Великий Гопник. Записки о живой и мертвой России — страница 57 из 93

Вы когда-нибудь видели, как выходит младенец лицом вниз через туннель нижнего лица с какой-то метафизической покорностью, как будто разведчик или снаряд?

А когда нет ни ада, ни рая, когда возникает междуречье покоя, нижнее лицо возвращается в зону чистилища, направляется к заслуженному отдыху.

Сколько мы знаем красоток нижнего этажа, с розовым орнаментом губ! А что наверху? Встречай носатых, без подбородка созданий.

Нижнее лицо — красота! А верхнее — о, ужас!

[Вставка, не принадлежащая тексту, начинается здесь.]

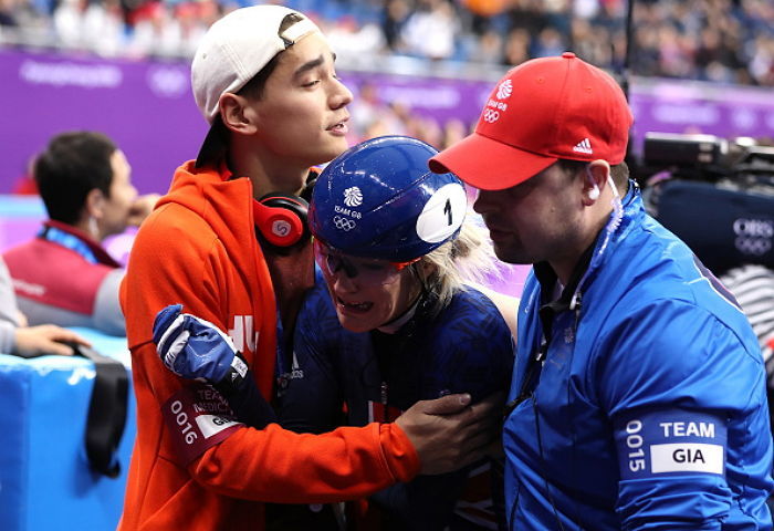 여자 500m 세계기록 보유자인 영국의 엘리스 크리스티는 17일 강릉아이스아레나에서 열린 쇼트트랙 1,500m 준결승에서 결승지점을 앞두고 리진위(중국)과 충돌했다.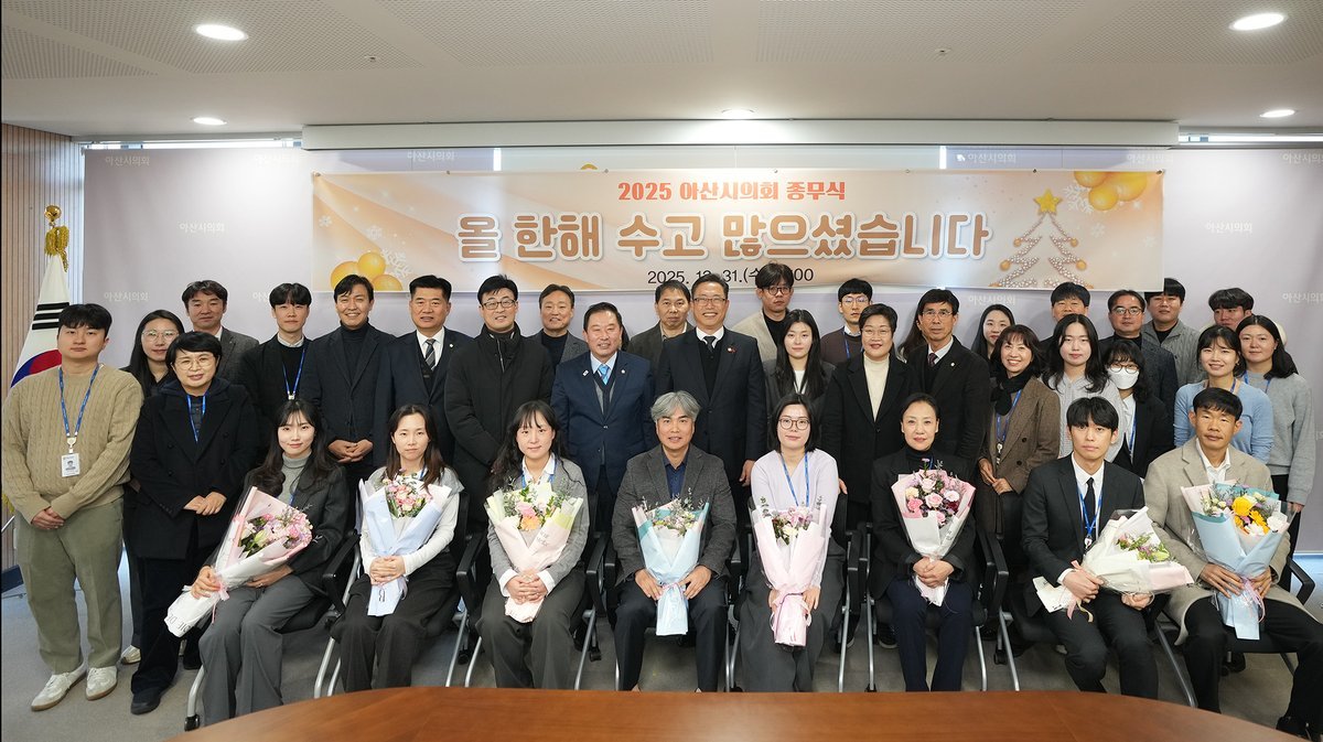 [충청중심뉴스] 아산시의회는 12월 31일 오전 11시 의회동 3층 다목적회의실에서 시의원과 의회사무국 직원들이 참석한 가운데 2025년도 종무식을 개최하고 한 해 의정활동을 마무리했다.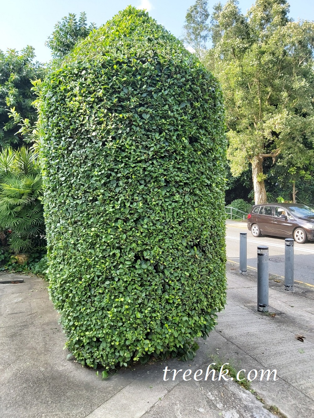幾年來每天都要經過這地方两次,都見到翠绿高場,火山榕可以說是長青不變。曾經踫到負責修剪的人: 是 一位公公和婆婆。

Нижнее — персидское зодчество, верхнее — христианское распятье.

Верхнее — животная непроходимость, нижнее — исландские саги и гейзеры.

Когда-нибудь эти лица перестанут враждовать. Верхнее лицо и нижнее обнимутся и признаются друг другу в любви. Мы все — утописты. А пока бытует мнение, что нижнее лицо у всех женщин одинаково, — ничего хорошего не будет.

Ну, ладно, а есть ли у мужского пола различие верхнего и нижнего лица? Будем ли мы об этом говорить или свернем на другую тему? А если все-таки будем говорить, то, конечно, нижнее лицо мужчины не похоже на чистилище.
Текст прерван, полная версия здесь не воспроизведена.